* _Records shown_:
● ● ● ● ● ● ●

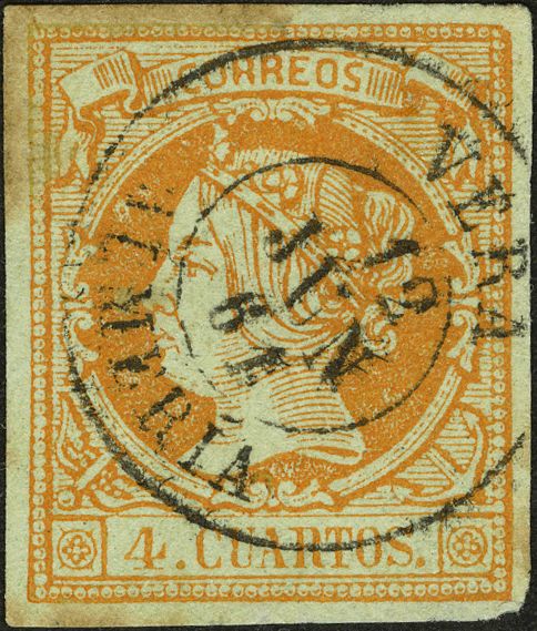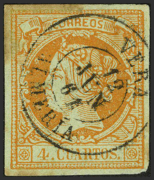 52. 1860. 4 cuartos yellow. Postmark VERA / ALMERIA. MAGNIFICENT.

● ● ● ● ● ● ●

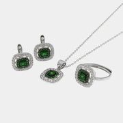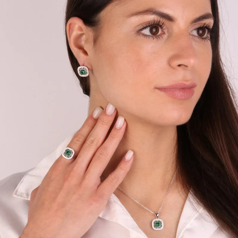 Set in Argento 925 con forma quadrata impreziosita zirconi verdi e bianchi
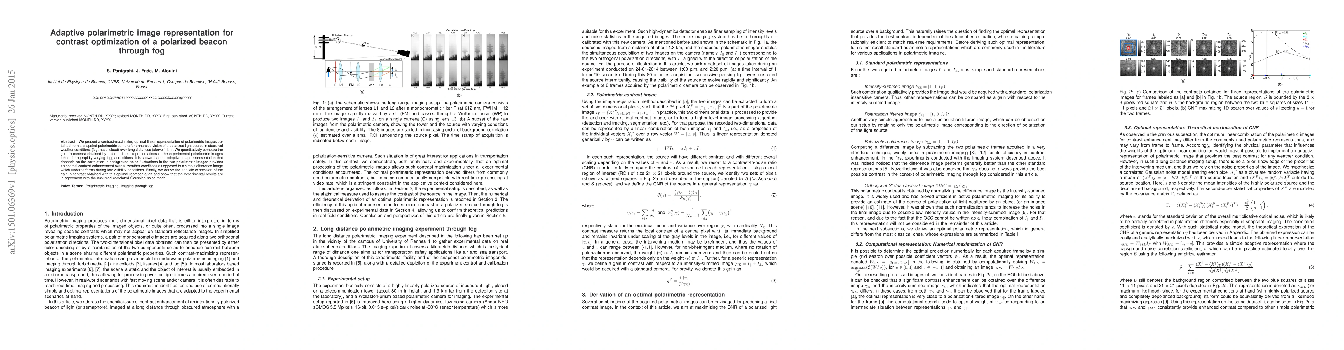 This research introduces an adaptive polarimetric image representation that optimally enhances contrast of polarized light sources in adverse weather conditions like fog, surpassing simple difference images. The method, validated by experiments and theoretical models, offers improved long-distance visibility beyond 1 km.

● ● ● ● ● ● ●

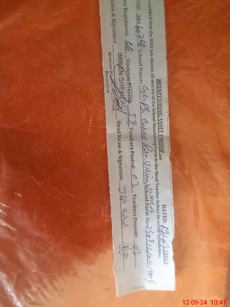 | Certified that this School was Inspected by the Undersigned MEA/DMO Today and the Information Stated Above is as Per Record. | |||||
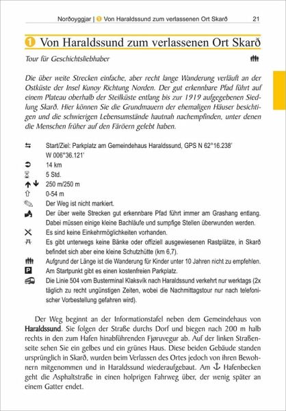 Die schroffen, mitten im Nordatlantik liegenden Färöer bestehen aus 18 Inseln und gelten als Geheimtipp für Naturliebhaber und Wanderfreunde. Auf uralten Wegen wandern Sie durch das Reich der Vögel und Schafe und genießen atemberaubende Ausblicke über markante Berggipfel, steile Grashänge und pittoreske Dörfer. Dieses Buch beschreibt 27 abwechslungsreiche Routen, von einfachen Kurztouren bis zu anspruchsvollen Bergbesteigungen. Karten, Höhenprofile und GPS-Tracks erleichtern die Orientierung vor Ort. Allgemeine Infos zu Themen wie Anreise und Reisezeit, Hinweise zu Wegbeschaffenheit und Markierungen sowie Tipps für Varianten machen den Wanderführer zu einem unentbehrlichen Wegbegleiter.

● ● ● ● ● ● ●

* _What is expected_: Above are the records; return the lines in them from the one with "Record. | |||||" to the one with "Die schroffen, mitten", inclusive, exactly and without images.

* _Worked solution_:
 | Certified that this School was Inspected by the Undersigned MEA/DMO Today and the Information Stated Above is as Per Record. | |||||
 Die schroffen, mitten im Nordatlantik liegenden Färöer bestehen aus 18 Inseln und gelten als Geheimtipp für Naturliebhaber und Wanderfreunde. Auf uralten Wegen wandern Sie durch das Reich der Vögel und Schafe und genießen atemberaubende Ausblicke über markante Berggipfel, steile Grashänge und pittoreske Dörfer. Dieses Buch beschreibt 27 abwechslungsreiche Routen, von einfachen Kurztouren bis zu anspruchsvollen Bergbesteigungen. Karten, Höhenprofile und GPS-Tracks erleichtern die Orientierung vor Ort. Allgemeine Infos zu Themen wie Anreise und Reisezeit, Hinweise zu Wegbeschaffenheit und Markierungen sowie Tipps für Varianten machen den Wanderführer zu einem unentbehrlichen Wegbegleiter.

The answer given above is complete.